The art class is such an important venue for exploring at a deep, meaningful, and relevant level the issues our students of color experience, and perspectives that may be new to students about different cultures and experiences. Viewing and discussing artworks by a wide range of artists—male, female, nonbinary, queer, Black, Asian, Hispanic, Native American and so on—can create a real dialogue about what each artist has experienced in their life, and how a specific artwork or body of work expresses that.

Try to create deliberate, explicit opportunities for your students to see the world through other people’s eyes, and to see people like themselves who may have experienced some of the same challenges as they have.

At Davis Publications, we have several resources to help you find great, thought-provoking artworks to use as springboards for discussion. At our Art History blog, Curator’s Corner, you can read about:

Each post not only provides examples of compelling artworks, but also provides background on the artists or cultures and the contexts that informed the art.
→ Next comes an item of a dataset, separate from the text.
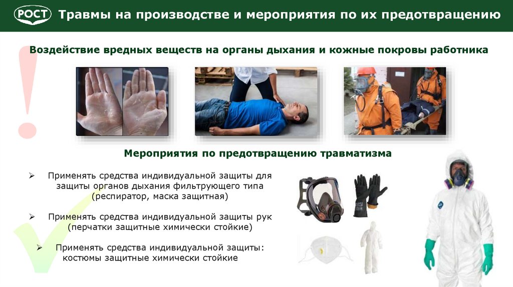 Травмы на производстве и мероприятия по их предотвращениюВоздействие вредных веществ на органы дыхания и кожные покровы работника
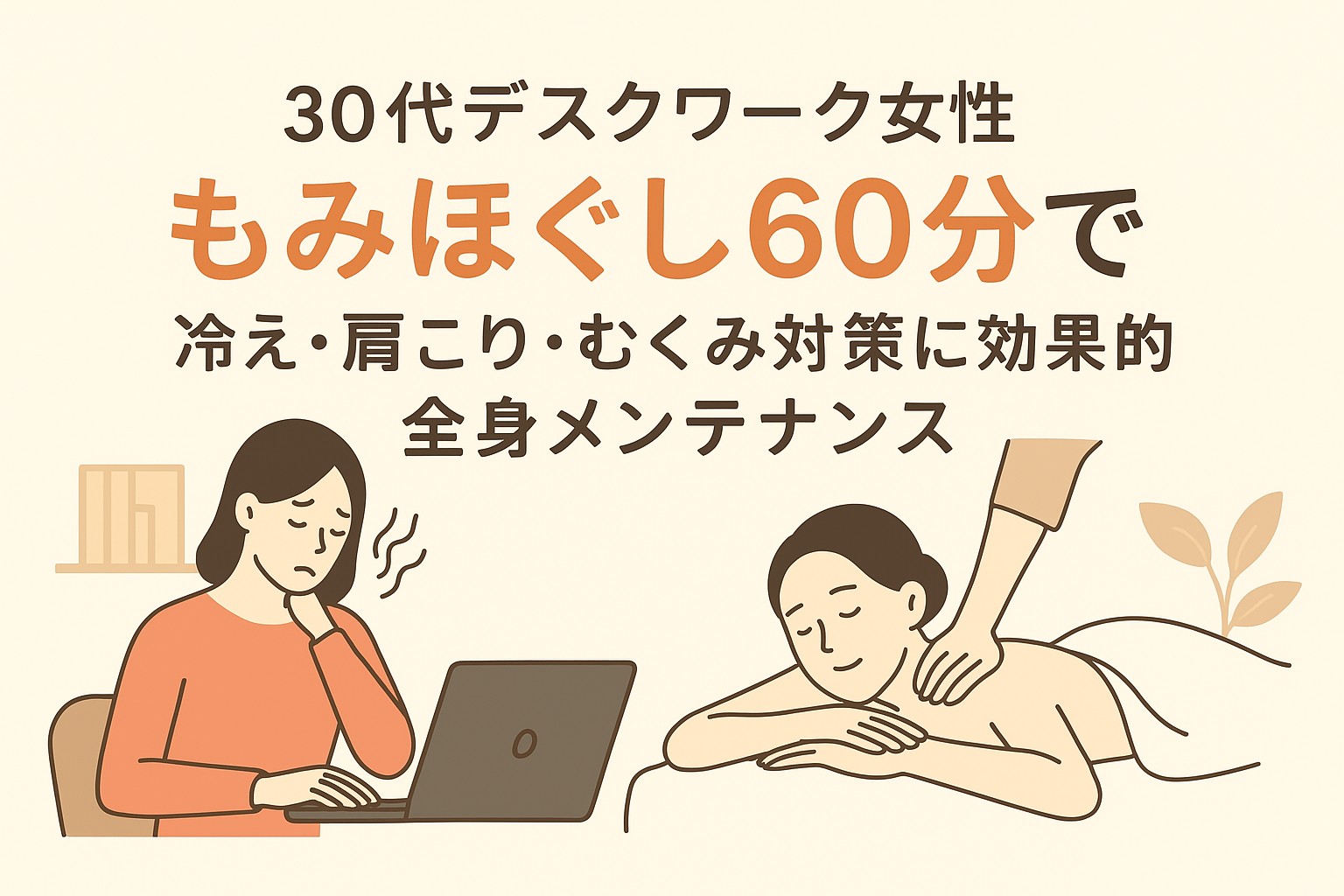 【30代デスクワーク女性】もみほぐし60分で慢性疲労を根本ケア~冬の冷え・肩こり・むくみ改善に効果的な全身メンテナンス~

If you have a subscription to Davis Art Images (and you definitely should!), you and your students can search for images by time period or culture. Each image, like the example shown here of Jacob Lawrence, includes a wealth of metadata and information that can support your lessons. You can also search for 21st century art, which many students may find more relevant and timelier. Each subscription includes student access, so your students can conduct their own research, searching through our database of more than 20,000 images.

Whether you’re teaching texture, three-point perspective, or movement, you can complement each lesson with artworks that not only represent these art elements and principles, but that help students learn about others experiences and help all students share their own related experiences.

If you’re using a Davis textbook, you can be assured that each book has been carefully curated to represent a diverse range of artists.

Whatever art you’re using, begin by asking students to comment on what they see in the artwork that might connect to their own lives, or what they might learn from the artist that is not part of their daily experience. Extended, academically productive discussions can be significant, deep opportunities to truly explore racial justice with your students, to help students of color see themselves and their experiences validated, and to help all students learn about the perspectives of others.